College President Out After Firing Professor for Using Art in Art Class

April 3, 2023
World Net Daily

This story was originally published by the WND News Center.

A college president is on her way out after she fired a professor for using art in an art class.

A report from Just the News explains that Fayneese Miller, of Hamline University in Minnesota, is on her way out the door after demanding that a professor put "respect" for a Muslim student over academic freedom.

Miller had refused to renew a contract for an art professor who showed a Muslim-authorized Muhammad depiction in a voluntary lesson.

Miller confirmed her "retirement" is coming in just weeks.

Her school withdrew a contract offer to Erika Lopez Prater, an art history adjunct professor, "after her opt-out lesson on Muslim-authorized depictions of Muhammad drew a complaint from Muslim Students Association President Aram Wedatalla."

Faculty voted no confidence in Miller after she demanded, "Respect for the observant Muslim students in that classroom should have superseded academic freedom."

Prater also filed a lawsuit, and an organization dealing with academic freedom filed a complaint with the school's accreditor.
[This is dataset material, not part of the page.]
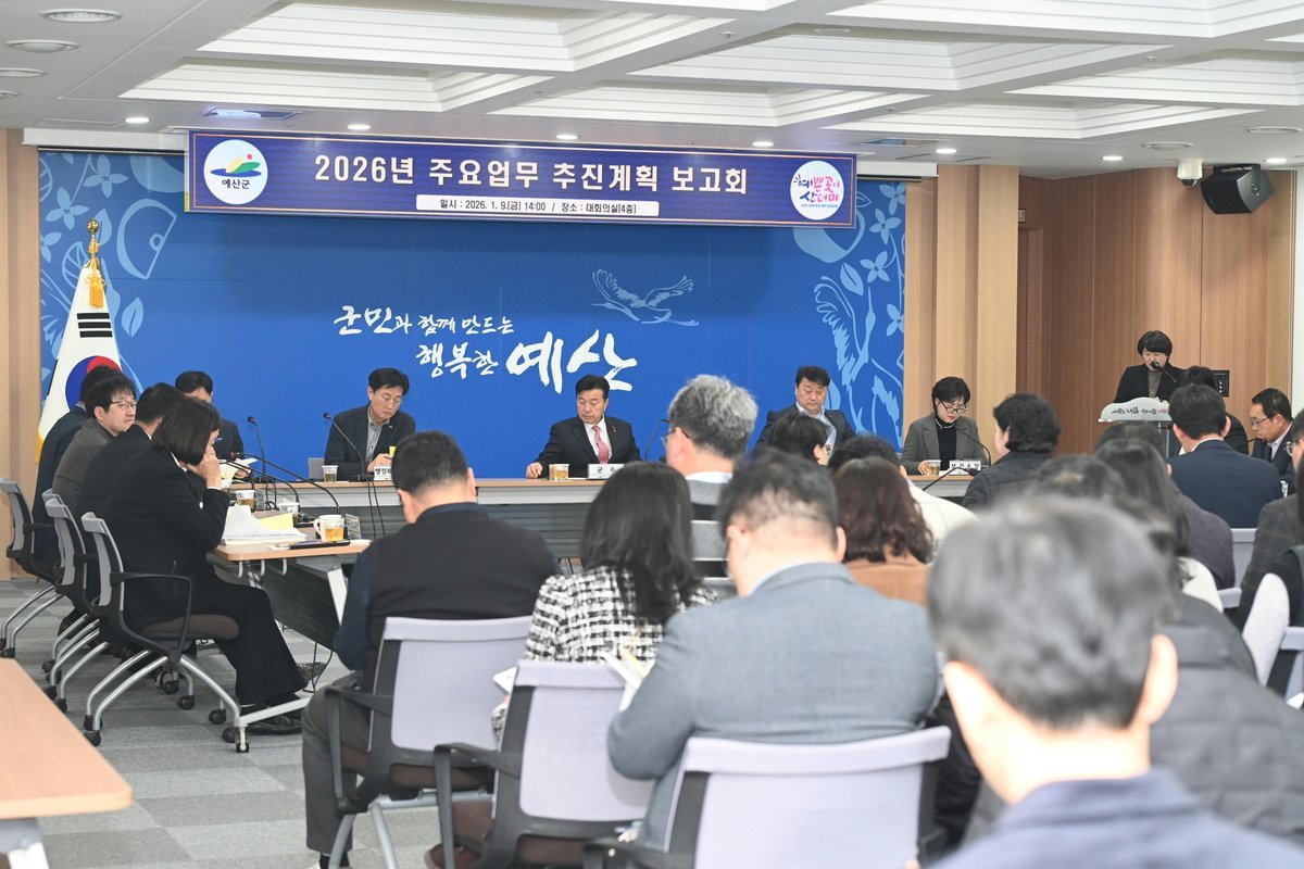 [세종타임즈] 예산군은 9일 군청 대회의실에서 '2026년도 주요업무 추진계획 보고회'를 열고 향후 군정 운영 방향과 분야별 주요 시책을 공유했다.

Further, the national Council on American-Islamic Relations sided with Prater.

Miller's retirement is to be effective June 30.
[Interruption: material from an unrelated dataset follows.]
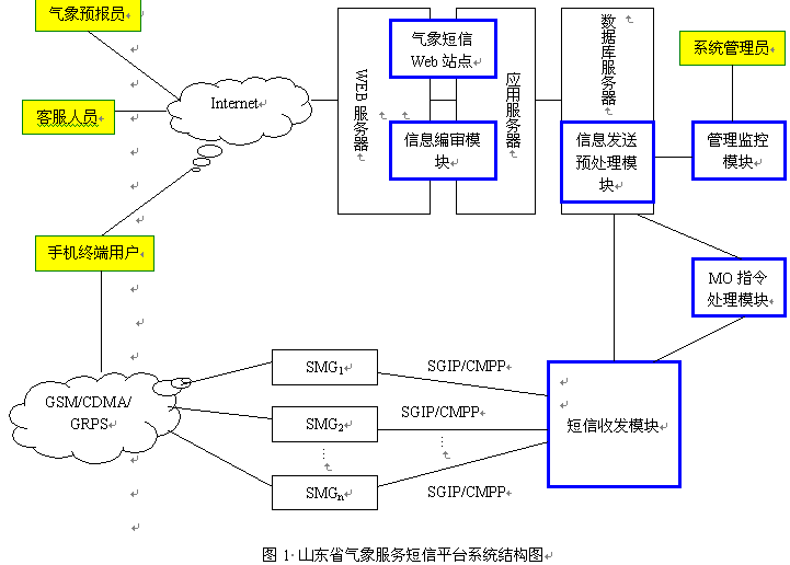 山東省氣象臺(tái)為實(shí)現(xiàn)“1210手機(jī)氣象站”服務(wù),通過(guò)技術(shù)合作的方式建設(shè)了山東省氣象服務(wù)短信平臺(tái)。該平臺(tái)采用操作系統(tǒng)無(wú)關(guān)、開放性好的J2EE軟件架構(gòu),數(shù)據(jù)庫(kù)選用處理能力強(qiáng)、穩(wěn)定性好的Oracle9i大型數(shù)據(jù)庫(kù)系統(tǒng),該平臺(tái)目前正在為全省50萬(wàn)用戶每天通過(guò)短消息提供各種天氣預(yù)報(bào)服務(wù)。下面將主要介紹氣象短信平臺(tái)的系統(tǒng)結(jié)構(gòu)、各模塊功能和系統(tǒng)特點(diǎn)。

WND previously reported on the dispute that the school backtracked after Miller refused the contract renewal and made her anti-academic freedom comments.

At the time the fight began, the school said Prater's actions were "Islamophobic" in an email sent campus-wide, which Prater said caused her "emotional distress."
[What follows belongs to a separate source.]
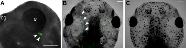Neuromast localization using the hair cell specific dye, FM1–43. Examples of FM1–43 stained neuromasts (green) are depicted with the thick white arrows. Only two neuromasts have developed at NF34 (A) and are present at the dorsal margin of the eye (e). By NF47 (B) the neuromasts have developed and migrated along the head (B). (C) Following exposure to 200 μM neomycin, the hair cells are obliterated and are no longer stained with FM1–43. cg = cement gland, scale bar = 200 μm.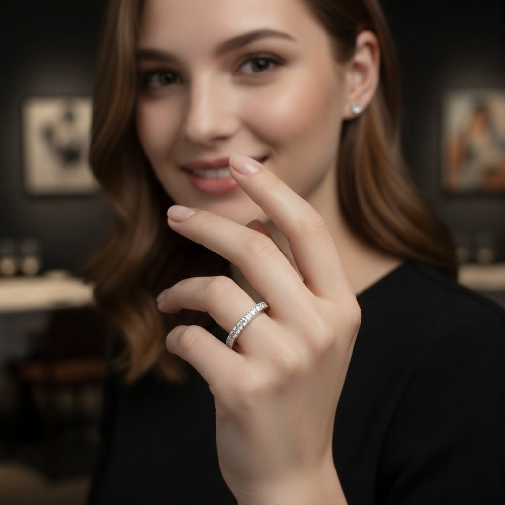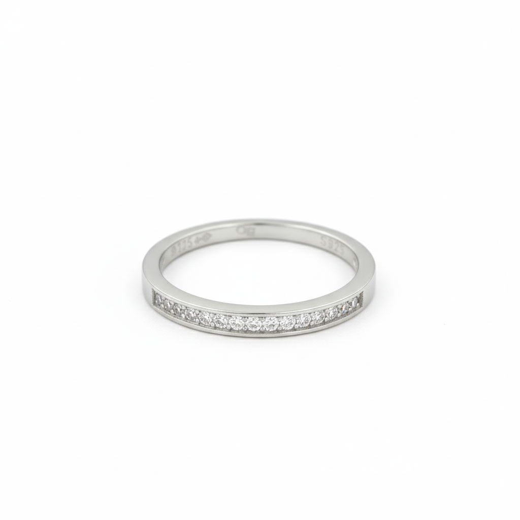 Celebrate your commitment with this exquisite eternity wedding band, meticulously crafted in 925 sterling silver. Brilliant diamonds are channel-set along the band's entire circumference, creating a seamless sparkle that catches light from every angle. The timeless eternity design symbolizes endless love, while the secure channel setting ensures each stone remains protected and brilliantly visible. Perfect as a wedding band, anniversary gift, or meaningful addition to any fine jewelry collection. This sophisticated piece combines classic elegance with contemporary craftsmanship for a ring you'll treasure forever.

She claimed damages under the Minnesota Human Rights Act, the Minnesota Whistleblower Act, breach of contract, and emotional distress.

But the school abruptly turned itself around, stating, "There have been many communications, articles, and opinion pieces that have caused us to review and re-examine our actions. Hamline is a multi-cultural, multi-religious community that has been a leader in creating space for civil conversations. Like all organizations, sometimes we misstep. In the interest of hearing from and supporting our Muslim students, language was used that does not reflect our sentiments on academic freedom. Based on all that we have learned, we have determined that our usage of the term ‘Islamophobic’ was therefore flawed."